Adenostoma sparsifolium, commonly known as redshanks or less commonly, ribbonwood or ribbon bush, is a multi-trunked tree or shrub native to dry slopes or chaparral of Southern California and northern Baja California.

Description
Shaggy falling shanks or ribbons of bark are one of the strongest characteristics of the Adenostoma sparsifolium tree, hence the common names. As the species name "sparsifolium" suggests, it has tiny, filamentous leaves.

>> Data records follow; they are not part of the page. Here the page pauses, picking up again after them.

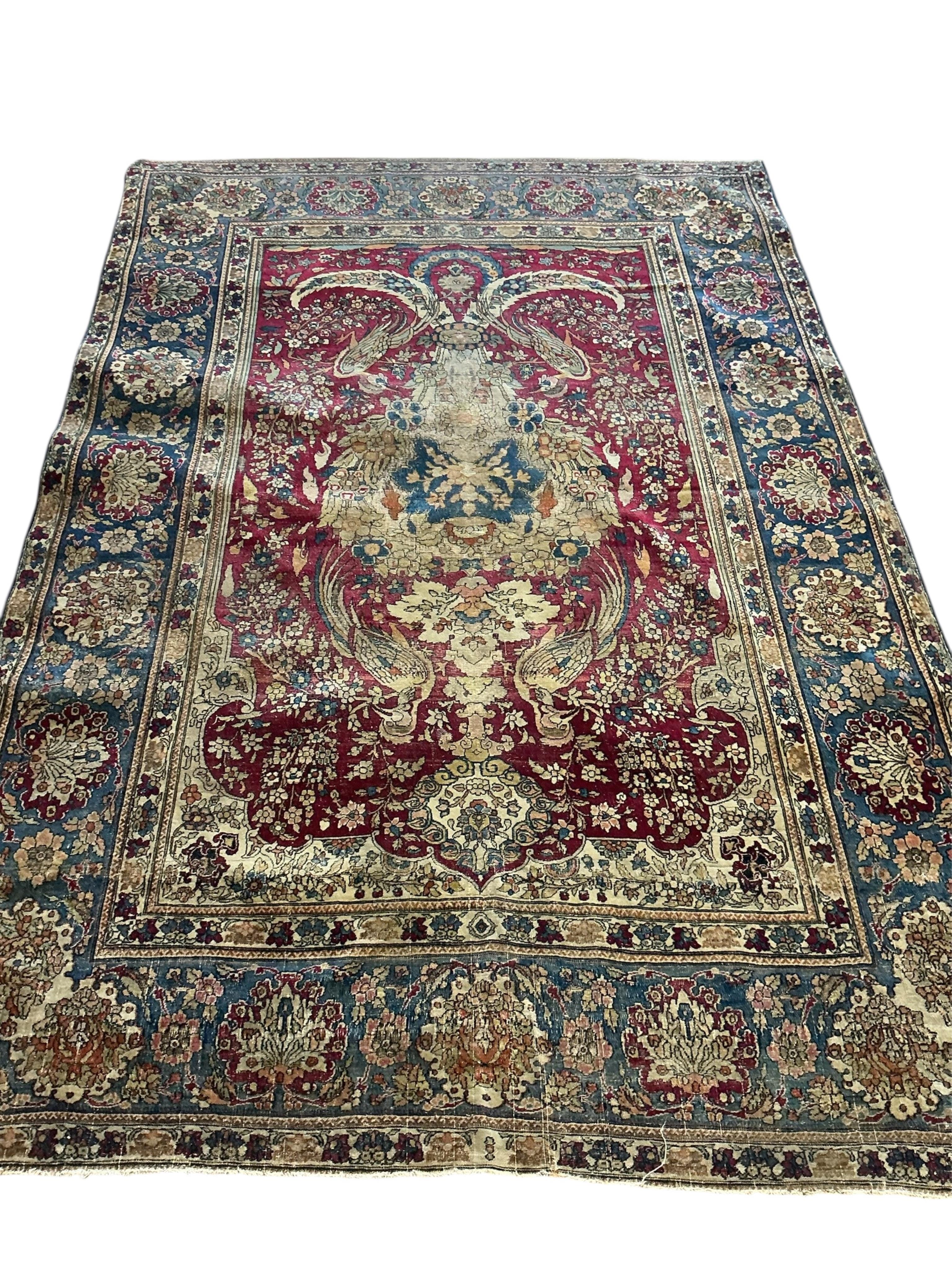 Lot 1044 , An early 20th century Isfahan red ground rug woven with exotic birds, 205 x 135cm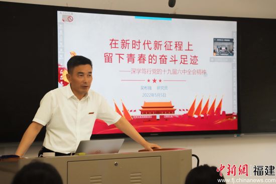 中新网福建新闻5月6日电(陈精焕 周丽丽 庄丽燕) 在中国共产主义青年团成立100周年之际,5月5日下午,MK体育/mksport体育·官方网站党委书记吴彬镪以线上线下相结合的方式为马克思主义学院学生作题为《深学笃行党的十九届六中全会精神,在新时代新征程上留下青春的奋斗足迹》的形势政策报告。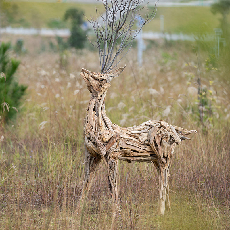 Residence Slow Living Outdoor Woody Deer Swing Piece Plum Blossom Deer Decorated Patio Garden Lawn Placement Landscape Animal View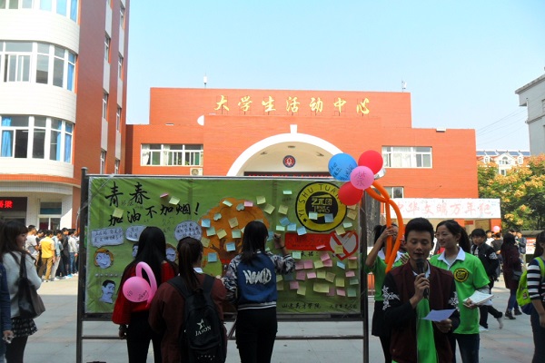 2015年10月14日,为贯彻落实《山东英才学院关于创建“无烟校园”的实施方案》,切实加强校园精神文明建设,营造卫生和谐的校园环境,青年志愿者协会和艺术团的同学们在大学生活动中心前举办了“无烟校园”倡议活动。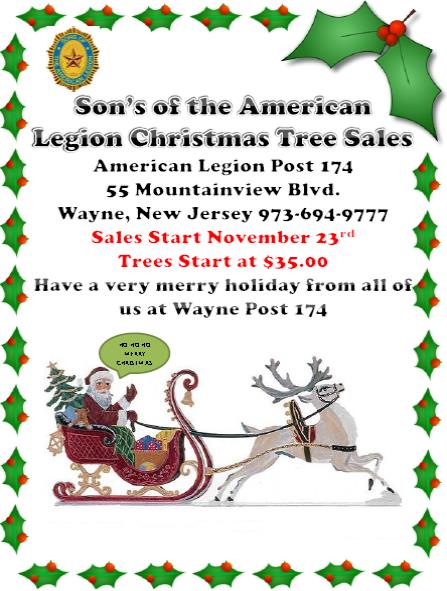 American Legion Post 174 SALS, located in Wayne, NJ are selling Xmas trees, beginning November 23rd. Trees start at $35. Call 973-694-9777 for details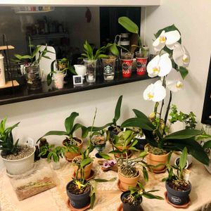 室内に取り込み1週間過ぎ胡蝶蘭に花芽が付き初めました💕葉焼けの失敗続きでしたが5株にちょこんと💕 花芽付きで買ったミディ胡蝶蘭3株は蕾が目立ってきました💕 ミニカトレア リトルプリンセスは朝、美しい香りのドームが出来ます💕 ミニ胡蝶蘭パープルジェムは2ヶ月以上咲いてなかなか頑張ってます💕 胡蝶蘭大輪達の花茎は80センチにもなるので花茎伸ばし始めると大騒動です💦 でも綺麗なので家族も楽しみにしてて許されてます🤣 あと少し外にあるのも取り込むと我が家はもう飽和状態です💦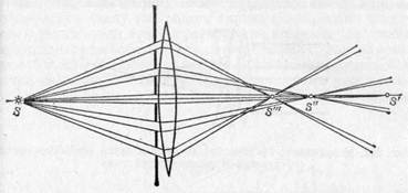 Рис. 230. Возникновение сферической аберрации. Лучи, выходящие из линзы на разной высоте над осью, дают изображения точки S в разных точках S', S", S'" Для простых отрицательных линз благодаря сферической аберрации фокусное расстояние лучей, проходящих через центральную зону линзы, также будет более значительным, чем для лучей, проходящих через периферическую зону. Другими словами, параллельный пучок, проходя через центральную зону рассеивающей линзы, становится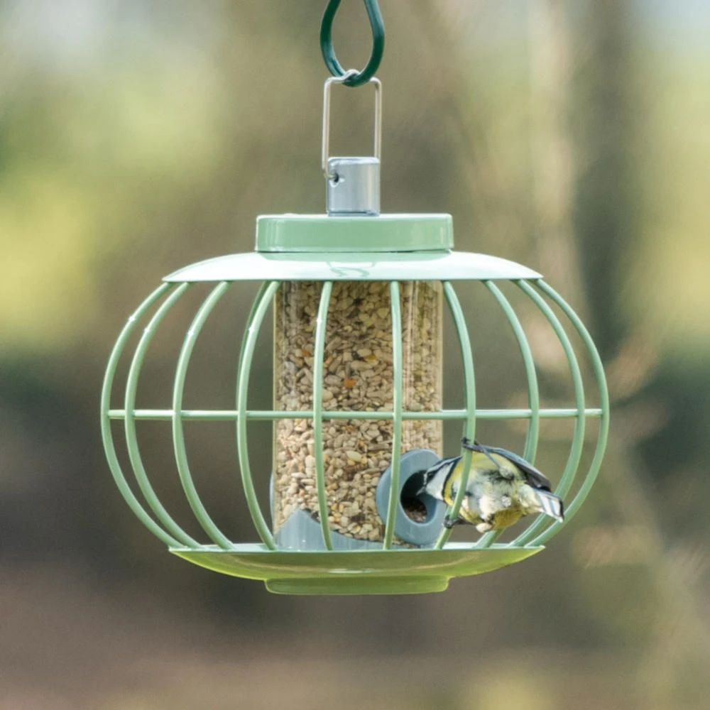 Die Futtersäule „Laterne“ ist ebenso attraktiv wie stabil. Mit ihrer hellgrünen Farbe passt sie perfekt in jeden Garten. Sie hat eine kompakte Größe und ist daher leicht zu handhaben. Dabei fasst sie doppelt so viel wie die meisten anderen Futtersäulen. Der Schutzkäfig sorgt dafür, dass nur kleine Vögel an das Futter gelangen können.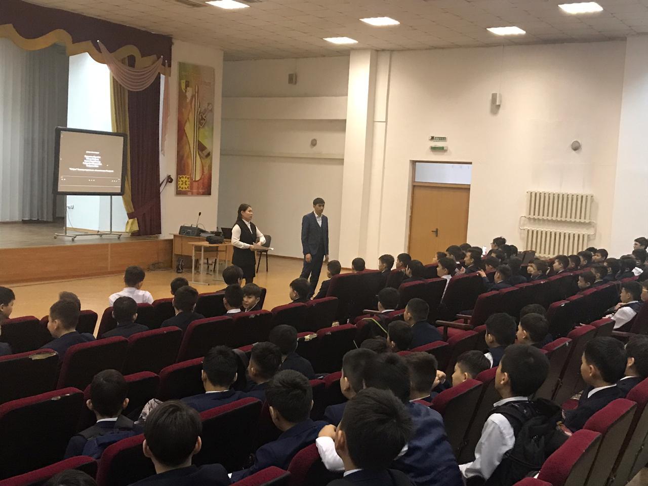 № 84 ЖББ мектепте 16.01.2020 ж. күні мектеп тәлімгері Райымбекова Г.М және ДТІЖ орынбасарларының ұйымдастыруымен "Тәртіп және біз" тақырыбында 5-8 сынып ұлдарымен дәріс түріндегі тәрбие сағаты болып өтті. Мақсаты:
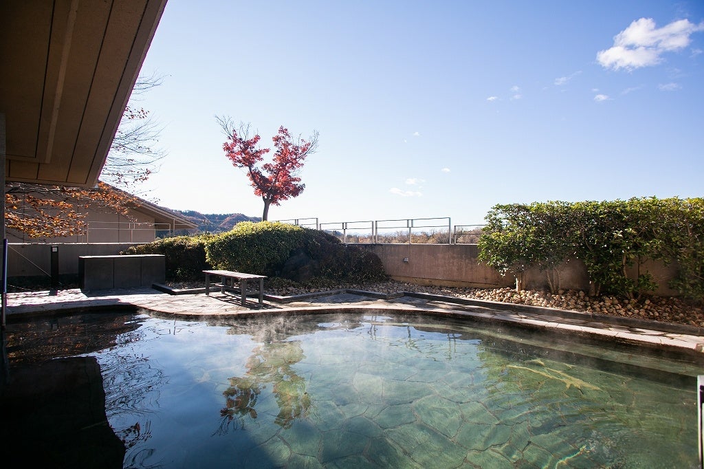 グランピング宿泊のお客様はヘルシーパル赤城本館の大浴場と、利根川と榛名山の雄大な姿を一望する絶景の露天風呂で天然温泉をお楽しみ頂けます。
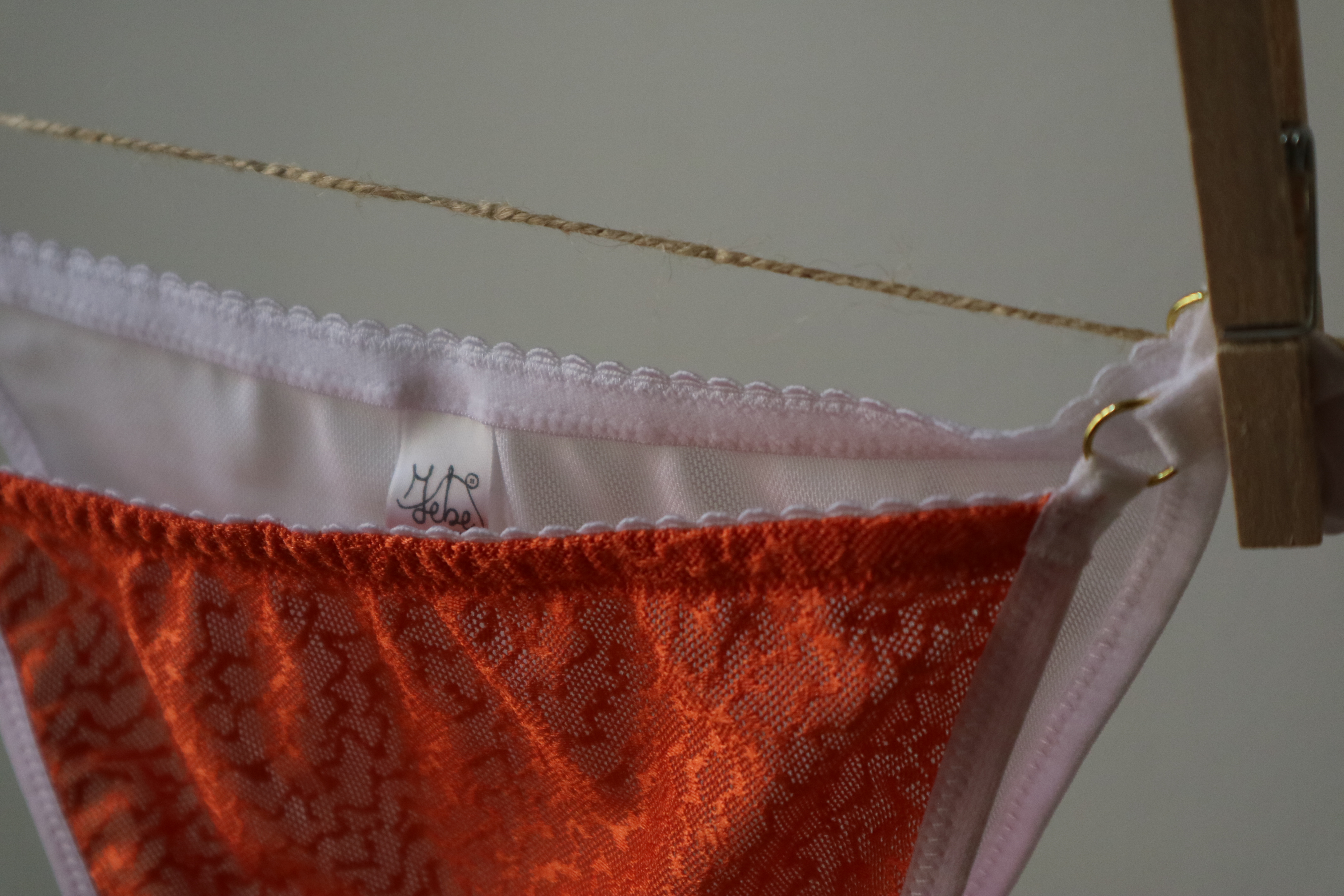 Culotte tanga avec des liens réglables sur les côtés. L’échancrure à l’arrière est assez profonde.
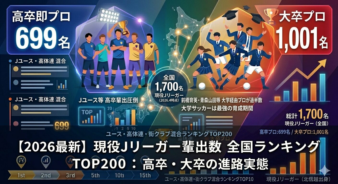 本記事では、2026年4月現在の現役Jリーガー全1,700名を徹底調査。全国200以上の組織からプロへ羽ばたいた選手たちの「最終所属」を特定しました。
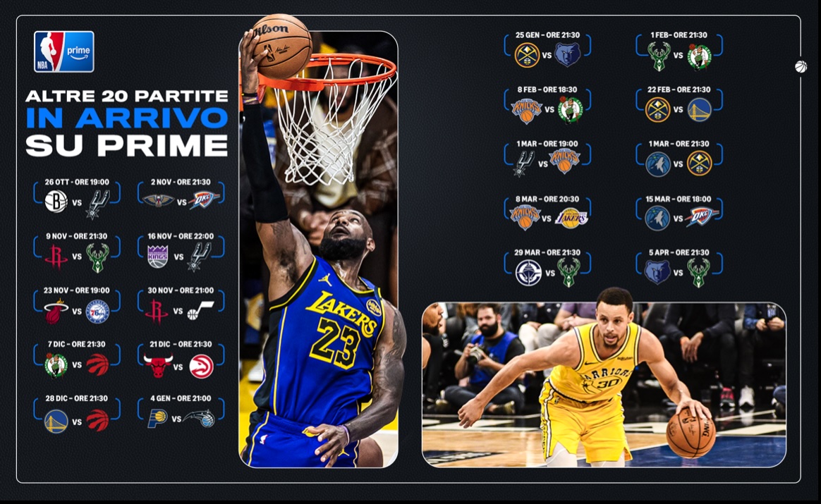 Queste 20 partite aggiuntive completano l’offerta NBA di Prime Video in Italia per la stagione 2025-26, che include:

Redshanks are closely related to the more abundant Chamise (Adenostoma fasciculatum).

Ecology
Redshanks inhabits higher elevations of chaparral just above and below the snowline in the Peninsular Ranges and does best on north-facing "ubac" slopes at around 4,000 feet of elevation. Associates at its lower range include California Scrub Oak and Hoary Ceanothus, and mingles with manzanitas at its upper range.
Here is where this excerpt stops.